Houston Chronicle Sunday

MY black-AND- white PHOTO WITH FIDEL CASTRO

A Cuban immigrant journalist recalls personal experience­s with late leader

- By Olivia P. Tallet

My phone has been burning up since Fidel Castro died.

Some friends from Miami sounded euphoric about the news from Nov. 25. Others, from Cuba, sad. And then there are those who seemed numb.

A childhood friend from Cuba, who also lives in Houston, insisted that I share my feelings.

“I really don’t know,” I told him. “I haven’t decided yet.”

His reply took me by surprise: “Perhaps you are afraid of feeling something?”

Am I? I thought. I went to search for an answer.

I’ve carried a trunk with me everywhere since I emigrated from Cuba in the 1990s, a couple of years after graduating from the University of Havana’s school of journalism. It’s in my garage now.

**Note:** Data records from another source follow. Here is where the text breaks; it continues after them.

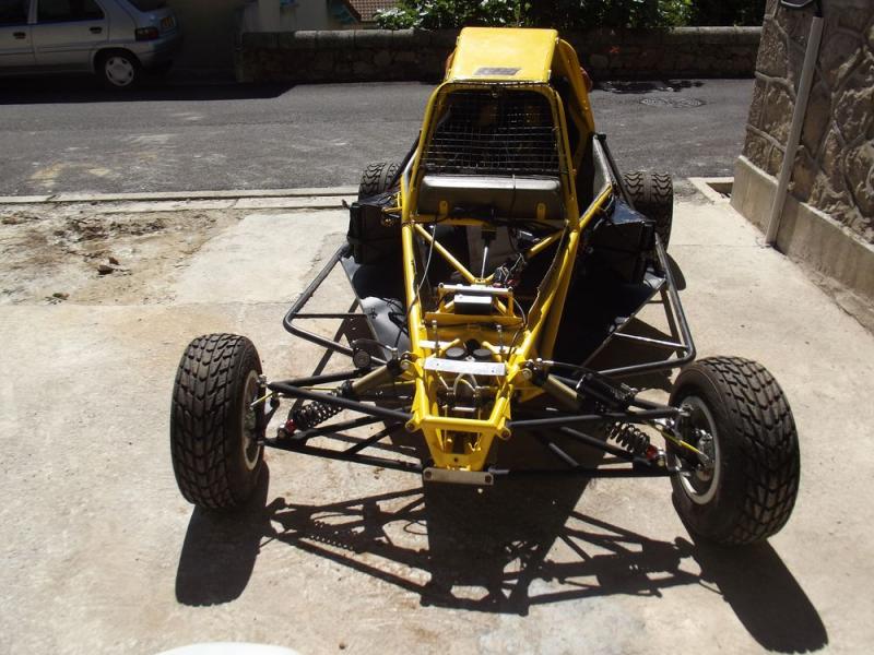 chassis numéroté de 2012, passeport ufolep et ffsa, marche arrière, pont alu, intérieur et tableau de bord carbone/kevlar, amortisseurs 3 voies, etc... Vendu avec un jeu de triangles avants, un jeu de bras arrières, embrayage, cardans, nez de rechanges. Prêt à rouler, entièrement révisé.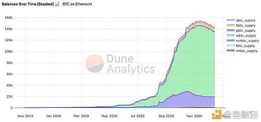 图2 以太坊链上比特币资产的TVL增长情况,数据来源:Dune Analytics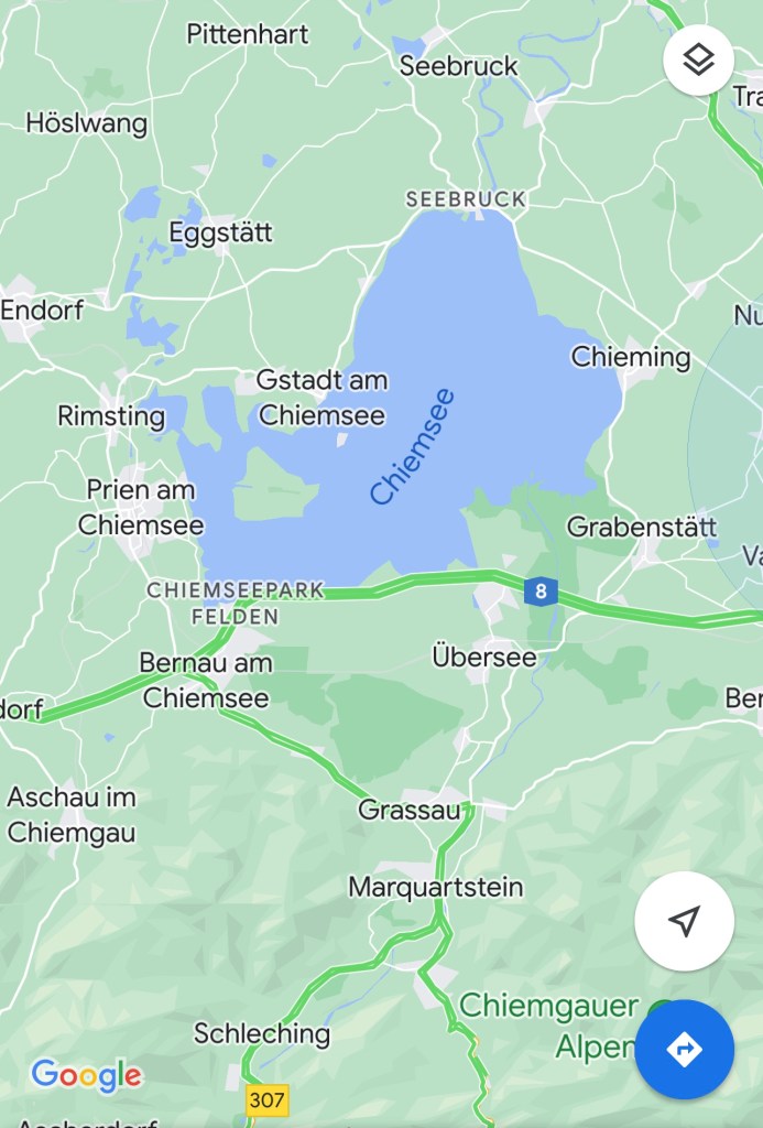 Our next stop in this (almost) whistle stop Christmas markets tour is Munich. We left Salzburg about 10am and the train to Munich is about 1 hr 40 minutes through mostly foggy scenery. One of the very brief stops we make is at Prien am Chiemsee, a small village on the very large Chiemsee (see=lake). The lake has an island and King Ludwig built one of his palaces (Herrenchiemsee) on this island (Herreninsel “Herren”= Men’s, “Insel”= island). We visited the palace many, many years ago, taking a small ferry across the lake.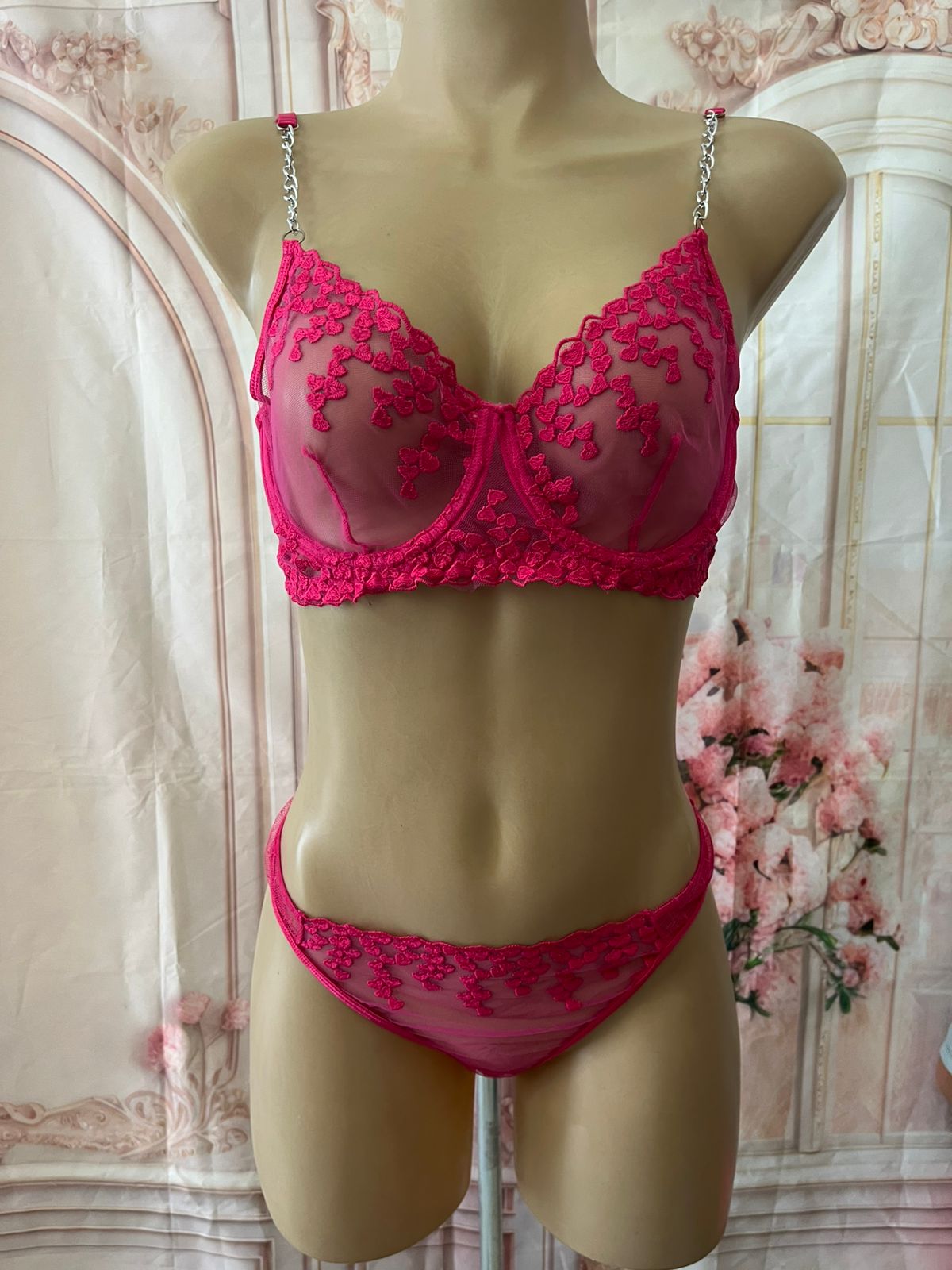 Descubre la sensualidad y el encanto de este conjunto de lencería rosa, ideal para ocasiones especiales o para sentirte increíble todos los días. El sujetador de encaje transparente, adornado con delicados bordados florales, realza el busto con un toque femenino y atractivo. Los tirantes finos le aportan un aire elegante y sofisticado.

I opened it and found the blackand-white photo I was looking for: my first encounter with Fidel Castro.

The photo was taken during a relative’s wedding. The bride and groom were idealistic young participan­ts in the revolution.

I was about 3 years old, and Fidel and I were sharing a plate.

According to family legend, at the moment the photo was taken, I was telling Fidel to close his eyes and open his mouth to taste the cake I was offering — just as my mother used to do with me when she wanted to delight me with some edible surprise. He had already begun to eat the chicken croquette I’d assigned him.

For me, he was just the man who was always on TV, the man who brought a lot of noise with his presence. There were green guys atop all the neighborho­od roofs. A bunch of other men pretended to be guests, their eyes wide, their heads swiveling like oscillatin­g fans.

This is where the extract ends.